[[ MATERIAL PROVIDED open ]]

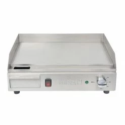 Everyday operation is simple – the front-mounted dial temperature control provides accurate temperature regulation, whilst the powerful element ensures a rapid heat-up and even heat across the whole griddle surface – that’s fewer hot-spots which could potentially burn food. And during cooking, the front grease collection channel and removable drawer helps reduce the amount of time spent cleaning. A fantastic professional griddle for B&Bs, cafes and mobile caterers.
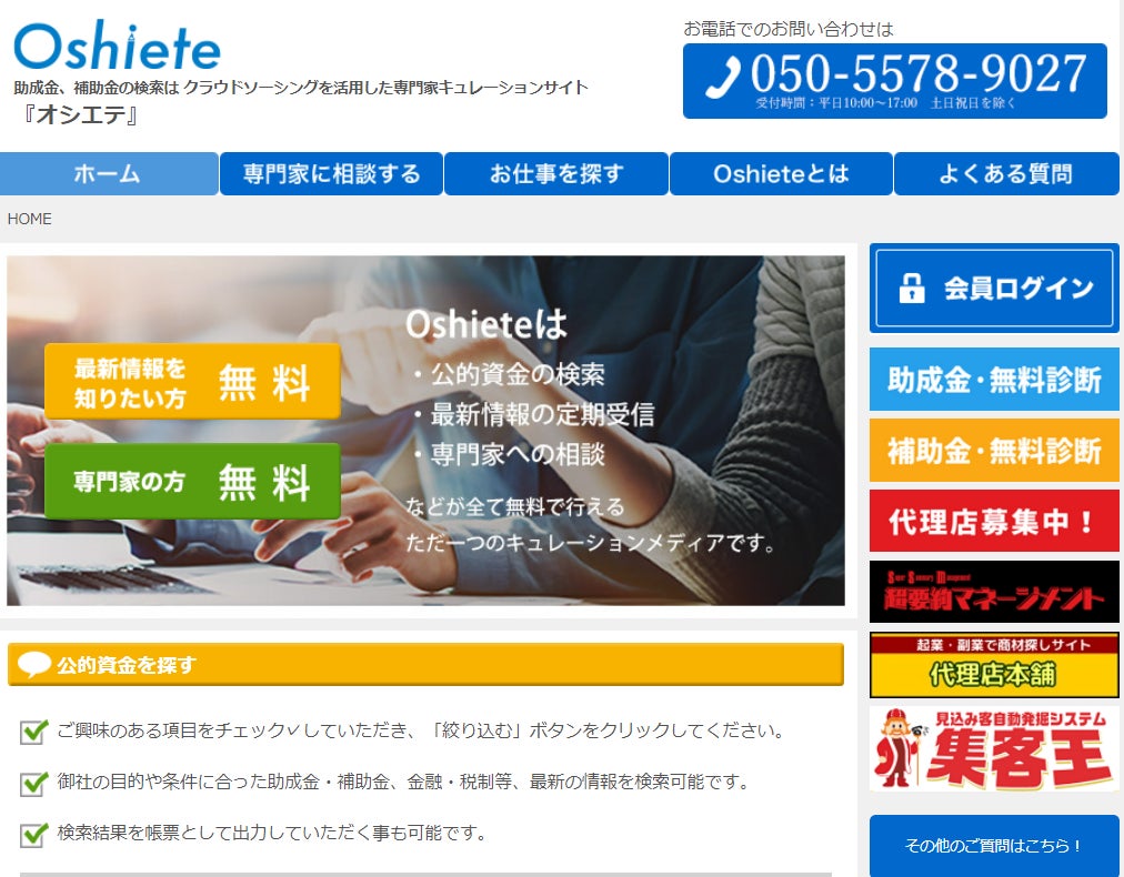 oshieteは返済不要な公的資金(助成金、補助金など)の申請をサポートする専門家をご紹介する団体です。
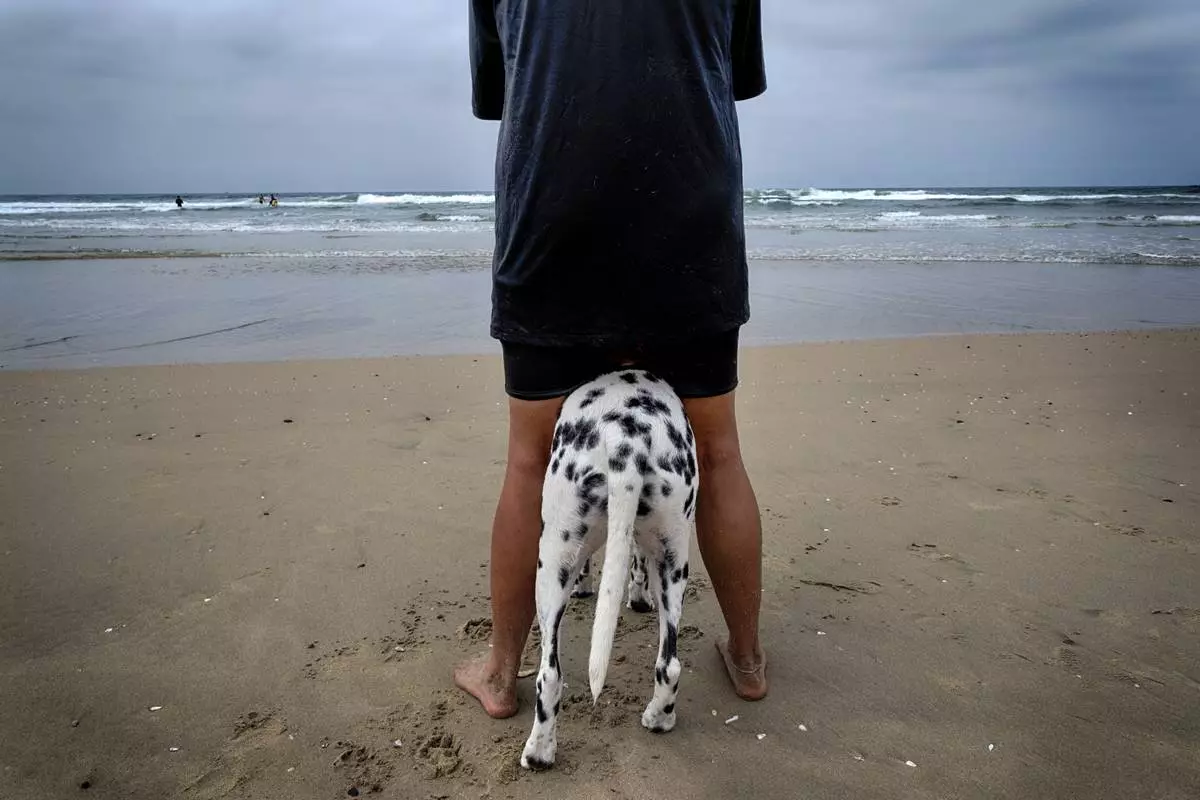 Joanne Owen and her 4-year-old Dalmatian Bentley watch as Bentley's sister Bailey competes in the annual Incredible Dog Challenge western regional surfing competition in Huntington Beach, Calif., Friday, June 20, 2025. (AP Photo/Richard Vogel)
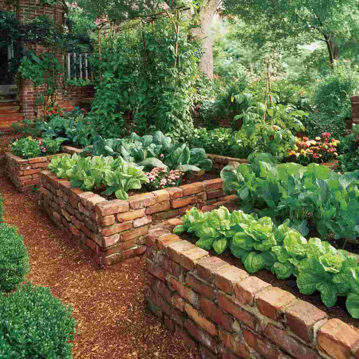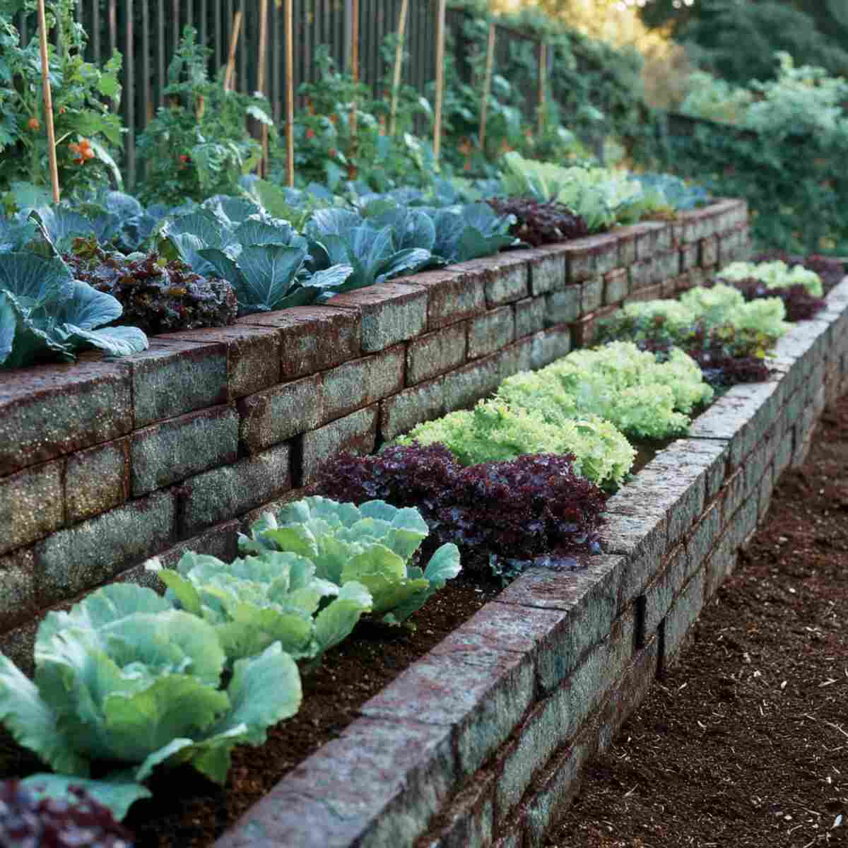 The material retains warmth, which benefits heat-loving crops like peppers and eggplants. Brick rows also help prevent soil erosion and make maintenance easier.
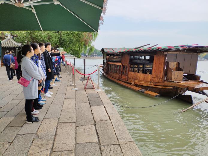 首先,全体师生党员参观了嘉兴南湖中共一大会址,湖边翠绿的柳树随风沙沙作响,似乎在向我们讲诉着当年的红色历史,这是我党梦想起航的地方,党从这里诞生,从这里出征,师生党员们心情都非常激动,一边参观一边感悟,共产党当年在那么艰难的环境中是如何排除万难并茁壮成长的。走到湖边,看到了红船依旧停靠着,大家都满怀敬畏之心的注视着她。这是一艘承载千钧、播下中国革命火种、开启中国共产党跨世纪航程的红船。
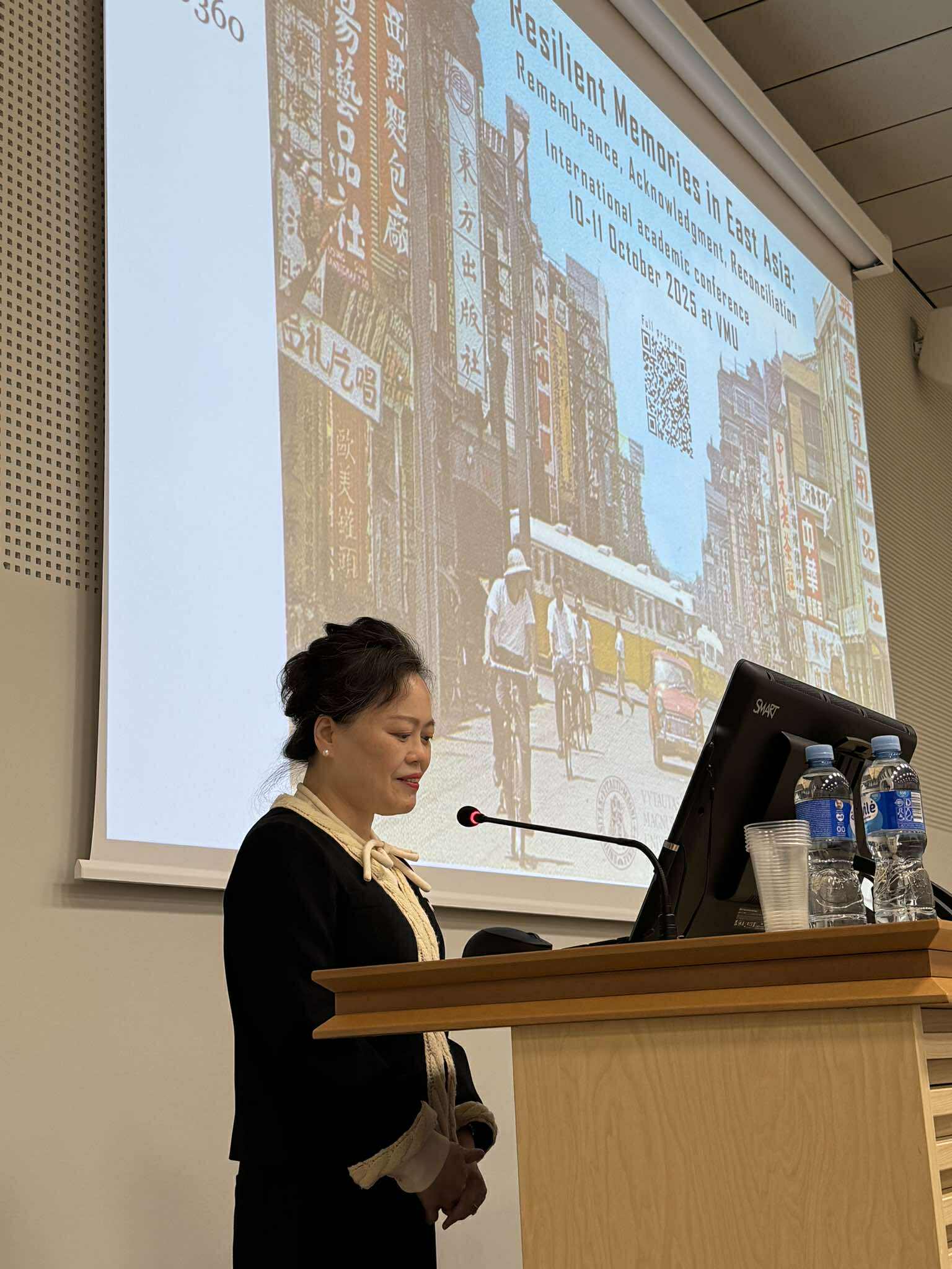 Constance Wang, head of the Taiwanese Representative Office in Lithuania, saying greetings during academic conference Resilient Memories in East Asia at Vytautas Magnus University, October 10, 2025 / Source: VMU Centre for Asian Studies Constance Wang, Taivano atstovybės Lietuvoje vadovė, sveikina dalyvius akademinėje konferencijoje Resilient Memories in East Asia, vykusioje Vytauto Didžiojo universitete 2025 m. spalio 10 d. / Šaltinis: VDU Azijos studijų centras
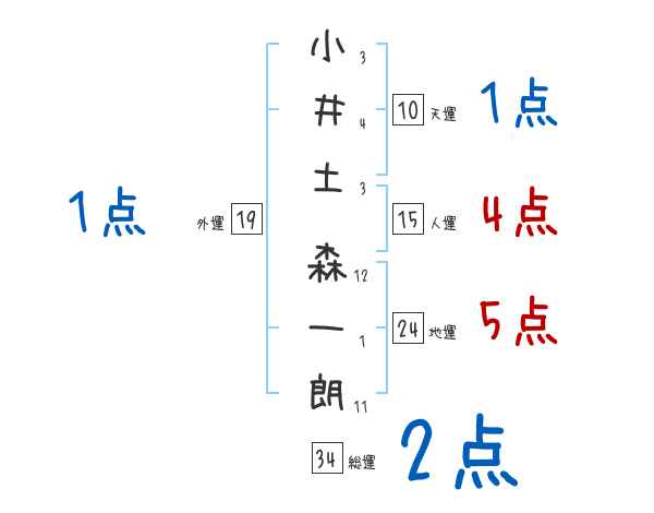 総運![]() | 小井土森一朗さんの総運は34画の2つ星!独創性に優れるが、自尊心が強く災難に注意しましょう。 あなたの人生を表す1番重要な運勢です。生涯を通じて影響する総合運となり、主に50歳以降の晩年期に影響を及ぼします。 |
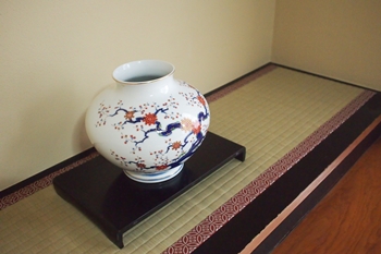| 土壁は湿度に強い防カビ塗料で塗り替えました。いつでもお客様を歓迎できる玄関になったと喜んでいただけました。 | 和室の襖も全て張り替えました。豊富なデザインの中から選ばれた襖紙は奥様のセンスが光っています。 |
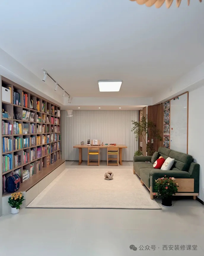不要电视,不作念配景墙,遴荐矮书橱完毕竹素的收纳,上方避讳幕布完毕偶尔的文娱。
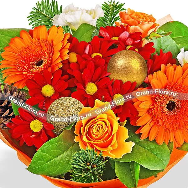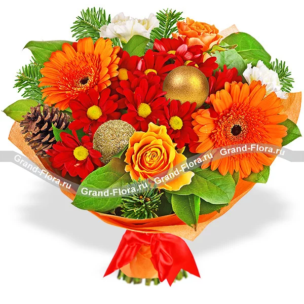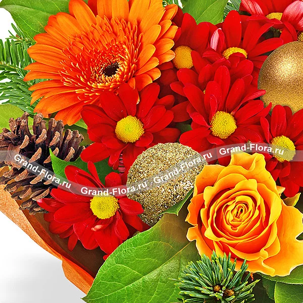 Стандартный: роза жёлтая - 2 шт, гербера оранжевая - 2 шт, хризантема кустовая красная/розовая - 2 шт., гвоздика белая/красная - 2 шт., ёлочные игрушки - 2 шт., шишки - 1 шт, ель, упаковка фетр, лента оранжевая.
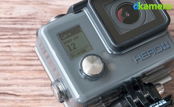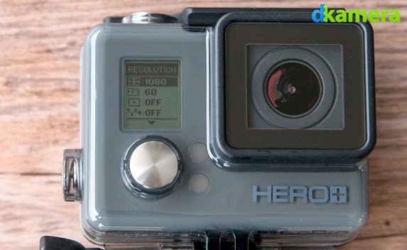 Bedient wird die GoPro HERO+ wie alle GoPro-Modelle ohne zusätzliches Display auf der Rückseite. Ein kleines monochromes LCD (circa 1,6 x 1,4cm groß) auf der Vorderseite erlaubt das Verändern von Einstellungen, zur Bildkontrolle ist es nicht geeignet. Die Steuerung der Actionkamera erfolgt über drei jeweils aus Metall bestehende Tasten. Die Taste auf der Oberseite dient zur Aufnahme von Bildern, dem Starten sowie Stoppen von Videos und der Bestätigung im Menü. Bei der vorderen Taste handelt es sich um den Ein- und Ausschalter (langes Drücken), ebenso wird damit auch durch das Kameramenü navigiert sowie zwischen den Aufnahmemodi gewechselt (kurzes Drücken).
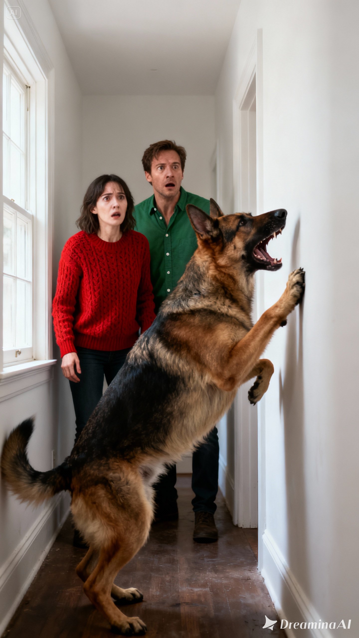 The following nights became a psychological nightmare. Max began scratching at the wall—not the usual scratch to be let outside, but a frantic attempt to break through the plaster. His paws began to bleed, leaving red streaks on the pristine white paint we’d loved so much when we first rented the place. Clara started getting scared. “I feel like someone’s watching me when I’m in the shower,” she confessed one night, her voice trembling. I tried to be the rational one, telling her it was probably mice in the attic or termites in the wood, anything to calm her.
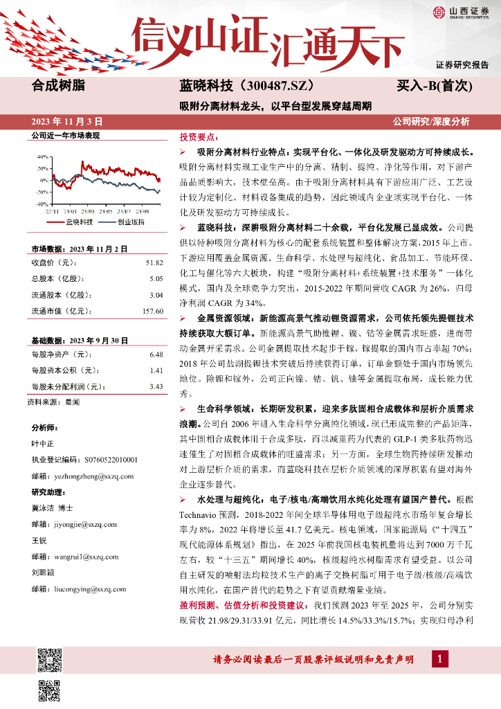 山西证券:蓝晓科技(300487)-吸附分离材料龙头,以平台型发展穿越周期.pdf
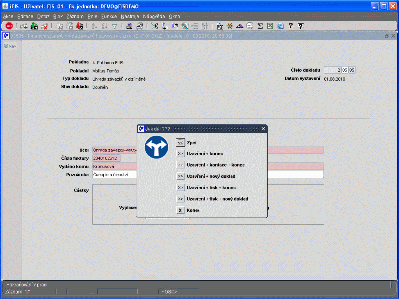 - Uzavření + kontace + konec (uzavře pokladní doklad a spustí ruční rozkontaci). Tato volba je přístupná pouze v případě, že je ve formuláři 00302 - Lokální parametry nastaven parametr POK_ROZK na hodnotu "A".
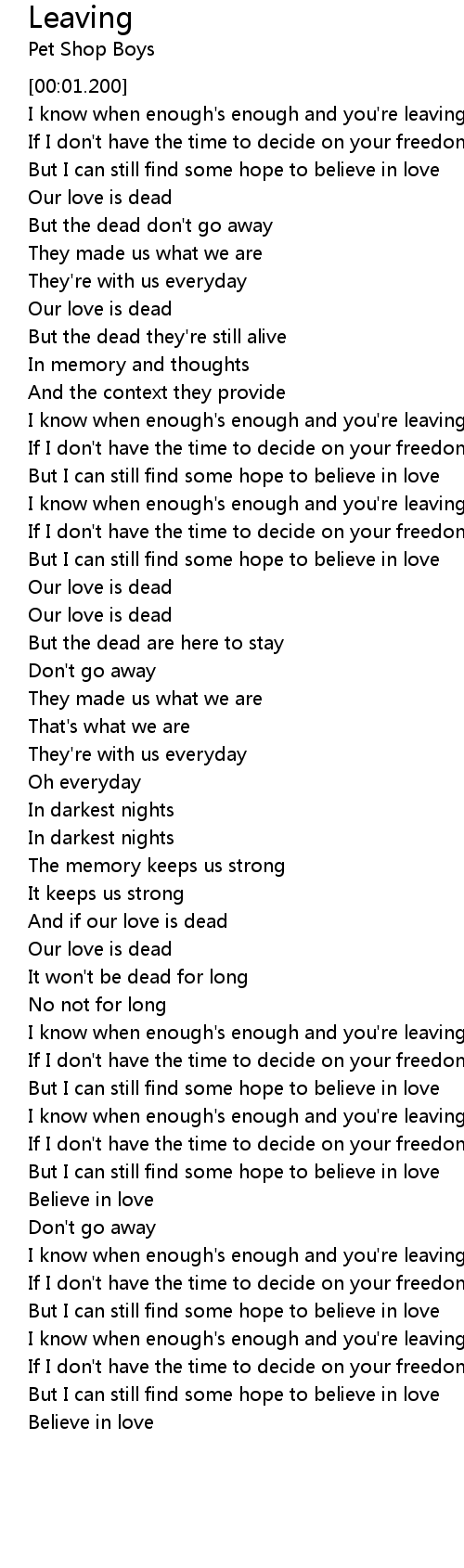 I know when enough's enough and you're leaving |
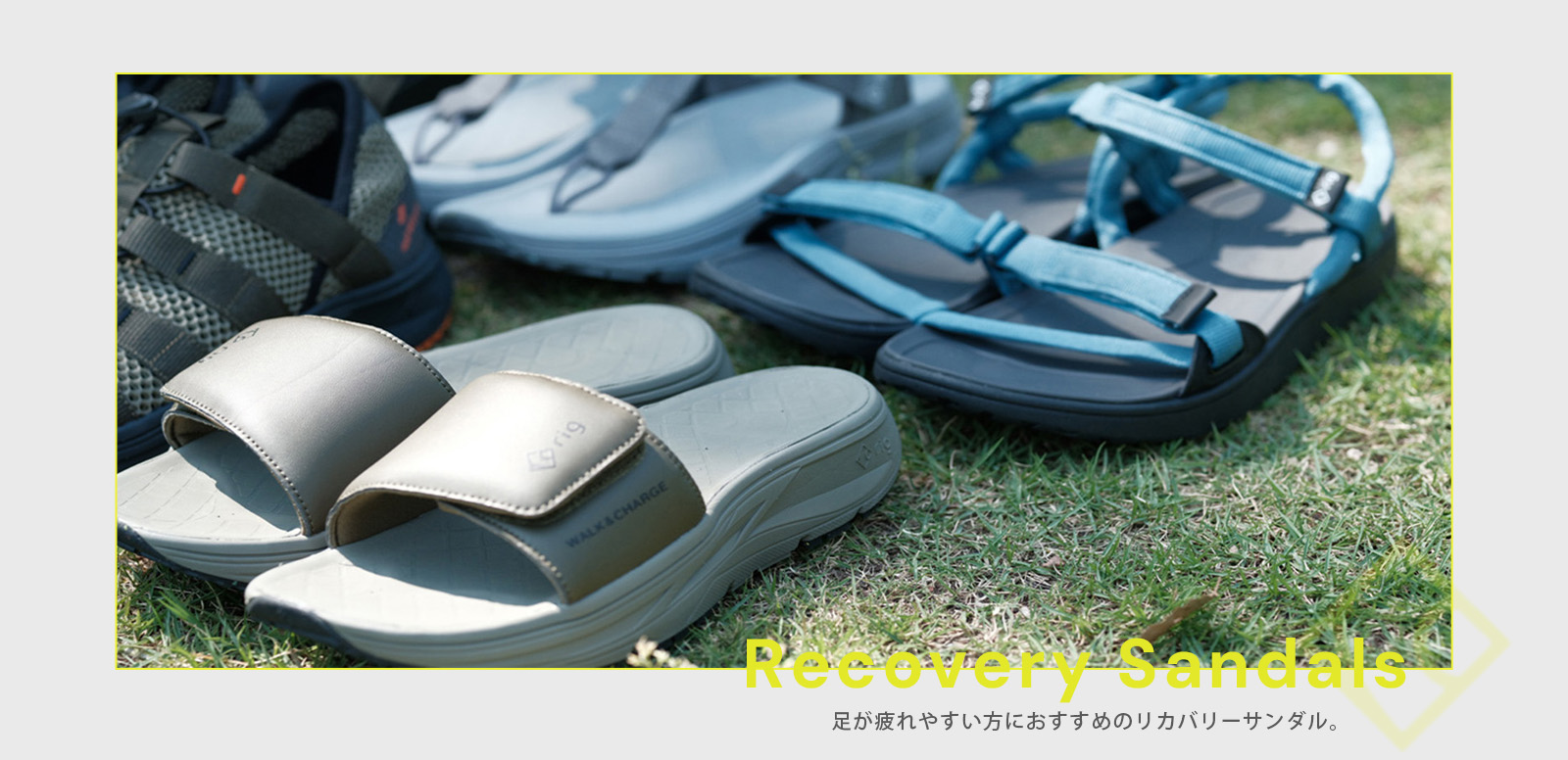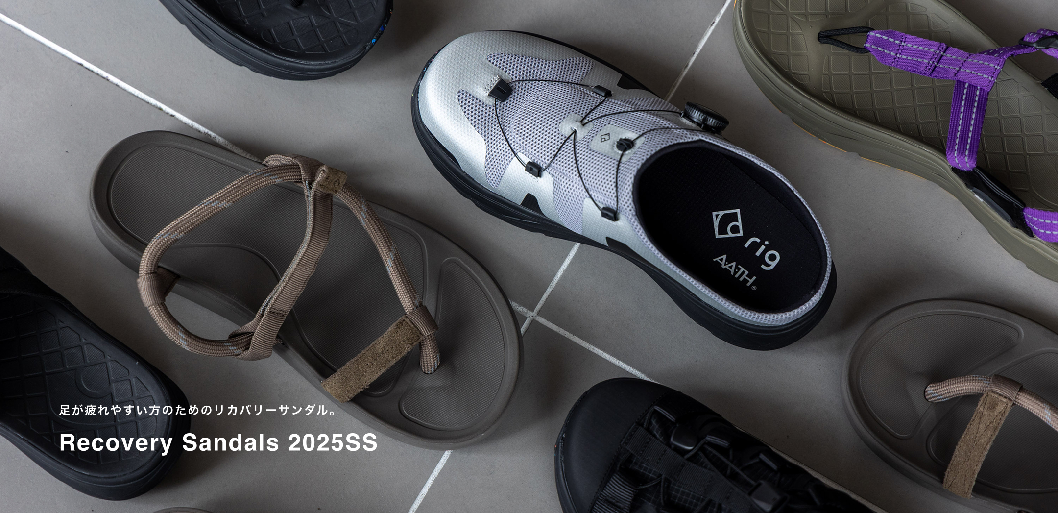 rig footwearのリカバリーサンダルをご紹介いたします。足が疲れやすい方、運動をする方、立ち仕事をする方、旅行などで長時間歩く方、足の負担を軽減したい方におすすめです。

[[ MATERIAL PROVIDED closed ]]

Repeat only the lines between the top of the entries above and the line containing "oshieteは返済不要な公", both ends included, without the pictures.

 Everyday operation is simple – the front-mounted dial temperature control provides accurate temperature regulation, whilst the powerful element ensures a rapid heat-up and even heat across the whole griddle surface – that’s fewer hot-spots which could potentially burn food. And during cooking, the front grease collection channel and removable drawer helps reduce the amount of time spent cleaning. A fantastic professional griddle for B&Bs, cafes and mobile caterers.
 oshieteは返済不要な公的資金(助成金、補助金など)の申請をサポートする専門家をご紹介する団体です。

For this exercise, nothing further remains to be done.